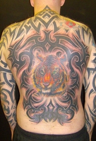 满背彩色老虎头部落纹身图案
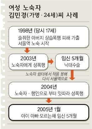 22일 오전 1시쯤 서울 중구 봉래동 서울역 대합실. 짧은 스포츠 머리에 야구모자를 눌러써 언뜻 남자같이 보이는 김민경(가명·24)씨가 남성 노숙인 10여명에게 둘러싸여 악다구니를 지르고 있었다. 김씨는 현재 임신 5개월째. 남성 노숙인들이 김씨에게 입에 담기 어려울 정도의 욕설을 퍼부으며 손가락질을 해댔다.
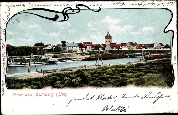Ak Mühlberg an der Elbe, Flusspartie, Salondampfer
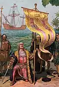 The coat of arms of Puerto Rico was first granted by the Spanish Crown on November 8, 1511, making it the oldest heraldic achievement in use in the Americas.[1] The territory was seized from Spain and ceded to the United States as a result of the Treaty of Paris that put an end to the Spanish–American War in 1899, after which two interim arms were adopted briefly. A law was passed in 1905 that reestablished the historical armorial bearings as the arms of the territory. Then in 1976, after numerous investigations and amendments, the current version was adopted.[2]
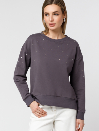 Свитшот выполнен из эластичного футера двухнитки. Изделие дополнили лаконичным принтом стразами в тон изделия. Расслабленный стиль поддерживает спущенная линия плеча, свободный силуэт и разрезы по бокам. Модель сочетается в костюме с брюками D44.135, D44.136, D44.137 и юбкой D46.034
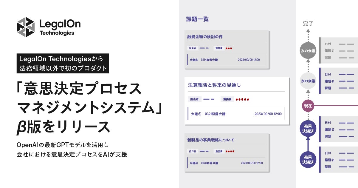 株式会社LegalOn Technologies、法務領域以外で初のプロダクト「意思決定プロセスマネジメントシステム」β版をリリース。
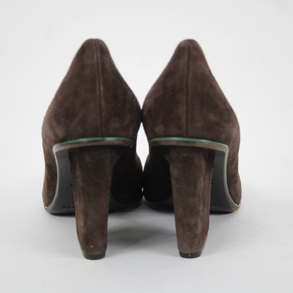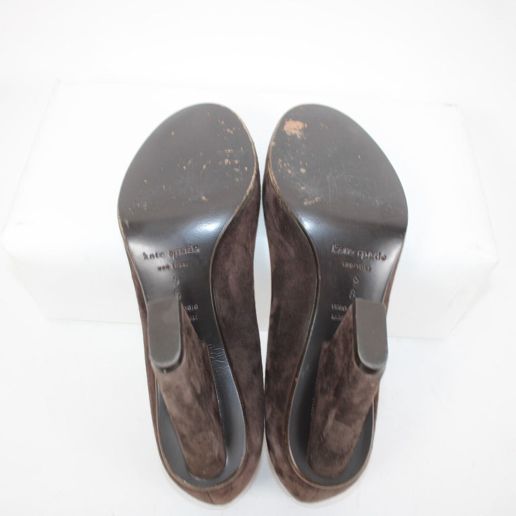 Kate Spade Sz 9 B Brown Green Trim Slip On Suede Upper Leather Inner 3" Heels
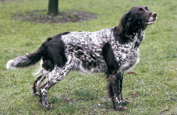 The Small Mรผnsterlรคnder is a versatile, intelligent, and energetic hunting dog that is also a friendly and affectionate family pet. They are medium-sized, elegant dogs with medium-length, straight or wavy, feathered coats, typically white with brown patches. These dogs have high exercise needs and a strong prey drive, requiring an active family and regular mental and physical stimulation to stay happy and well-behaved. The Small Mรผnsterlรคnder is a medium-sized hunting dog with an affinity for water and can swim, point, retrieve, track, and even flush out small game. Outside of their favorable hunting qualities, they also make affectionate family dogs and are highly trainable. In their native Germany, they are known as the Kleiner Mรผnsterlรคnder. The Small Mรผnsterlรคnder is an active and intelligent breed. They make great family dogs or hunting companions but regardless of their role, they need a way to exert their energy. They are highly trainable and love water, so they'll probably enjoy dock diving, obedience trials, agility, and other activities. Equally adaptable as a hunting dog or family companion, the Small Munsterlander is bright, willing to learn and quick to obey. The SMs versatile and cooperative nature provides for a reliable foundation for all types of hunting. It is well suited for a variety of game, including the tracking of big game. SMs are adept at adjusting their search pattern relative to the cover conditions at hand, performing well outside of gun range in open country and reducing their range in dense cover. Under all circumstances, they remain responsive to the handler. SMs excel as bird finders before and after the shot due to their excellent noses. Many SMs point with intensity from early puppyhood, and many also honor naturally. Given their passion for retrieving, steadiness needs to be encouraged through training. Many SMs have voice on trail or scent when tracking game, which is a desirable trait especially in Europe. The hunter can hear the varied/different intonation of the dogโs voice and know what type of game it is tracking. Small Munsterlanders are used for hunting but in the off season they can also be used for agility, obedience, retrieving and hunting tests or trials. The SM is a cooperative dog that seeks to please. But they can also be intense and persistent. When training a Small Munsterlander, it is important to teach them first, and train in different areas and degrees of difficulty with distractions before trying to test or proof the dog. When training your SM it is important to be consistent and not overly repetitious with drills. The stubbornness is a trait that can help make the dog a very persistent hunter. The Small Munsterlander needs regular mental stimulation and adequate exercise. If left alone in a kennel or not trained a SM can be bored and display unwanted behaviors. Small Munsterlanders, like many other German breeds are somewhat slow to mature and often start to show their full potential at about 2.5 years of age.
== == ==
Task brief:
Type the listing above out again exactly, and omit all pictures.

Worked solution:
 满背彩色老虎头部落纹身图案
 22일 오전 1시쯤 서울 중구 봉래동 서울역 대합실. 짧은 스포츠 머리에 야구모자를 눌러써 언뜻 남자같이 보이는 김민경(가명·24)씨가 남성 노숙인 10여명에게 둘러싸여 악다구니를 지르고 있었다. 김씨는 현재 임신 5개월째. 남성 노숙인들이 김씨에게 입에 담기 어려울 정도의 욕설을 퍼부으며 손가락질을 해댔다.
Ak Mühlberg an der Elbe, Flusspartie, Salondampfer
 The coat of arms of Puerto Rico was first granted by the Spanish Crown on November 8, 1511, making it the oldest heraldic achievement in use in the Americas.[1] The territory was seized from Spain and ceded to the United States as a result of the Treaty of Paris that put an end to the Spanish–American War in 1899, after which two interim arms were adopted briefly. A law was passed in 1905 that reestablished the historical armorial bearings as the arms of the territory. Then in 1976, after numerous investigations and amendments, the current version was adopted.[2]
 Свитшот выполнен из эластичного футера двухнитки. Изделие дополнили лаконичным принтом стразами в тон изделия. Расслабленный стиль поддерживает спущенная линия плеча, свободный силуэт и разрезы по бокам. Модель сочетается в костюме с брюками D44.135, D44.136, D44.137 и юбкой D46.034
 株式会社LegalOn Technologies、法務領域以外で初のプロダクト「意思決定プロセスマネジメントシステム」β版をリリース。
 Kate Spade Sz 9 B Brown Green Trim Slip On Suede Upper Leather Inner 3" Heels
 The Small Mรผnsterlรคnder is a versatile, intelligent, and energetic hunting dog that is also a friendly and affectionate family pet. They are medium-sized, elegant dogs with medium-length, straight or wavy, feathered coats, typically white with brown patches. These dogs have high exercise needs and a strong prey drive, requiring an active family and regular mental and physical stimulation to stay happy and well-behaved. The Small Mรผnsterlรคnder is a medium-sized hunting dog with an affinity for water and can swim, point, retrieve, track, and even flush out small game. Outside of their favorable hunting qualities, they also make affectionate family dogs and are highly trainable. In their native Germany, they are known as the Kleiner Mรผnsterlรคnder. The Small Mรผnsterlรคnder is an active and intelligent breed. They make great family dogs or hunting companions but regardless of their role, they need a way to exert their energy. They are highly trainable and love water, so they'll probably enjoy dock diving, obedience trials, agility, and other activities. Equally adaptable as a hunting dog or family companion, the Small Munsterlander is bright, willing to learn and quick to obey. The SMs versatile and cooperative nature provides for a reliable foundation for all types of hunting. It is well suited for a variety of game, including the tracking of big game. SMs are adept at adjusting their search pattern relative to the cover conditions at hand, performing well outside of gun range in open country and reducing their range in dense cover. Under all circumstances, they remain responsive to the handler. SMs excel as bird finders before and after the shot due to their excellent noses. Many SMs point with intensity from early puppyhood, and many also honor naturally. Given their passion for retrieving, steadiness needs to be encouraged through training. Many SMs have voice on trail or scent when tracking game, which is a desirable trait especially in Europe. The hunter can hear the varied/different intonation of the dogโs voice and know what type of game it is tracking. Small Munsterlanders are used for hunting but in the off season they can also be used for agility, obedience, retrieving and hunting tests or trials. The SM is a cooperative dog that seeks to please. But they can also be intense and persistent. When training a Small Munsterlander, it is important to teach them first, and train in different areas and degrees of difficulty with distractions before trying to test or proof the dog. When training your SM it is important to be consistent and not overly repetitious with drills. The stubbornness is a trait that can help make the dog a very persistent hunter. The Small Munsterlander needs regular mental stimulation and adequate exercise. If left alone in a kennel or not trained a SM can be bored and display unwanted behaviors. Small Munsterlanders, like many other German breeds are somewhat slow to mature and often start to show their full potential at about 2.5 years of age.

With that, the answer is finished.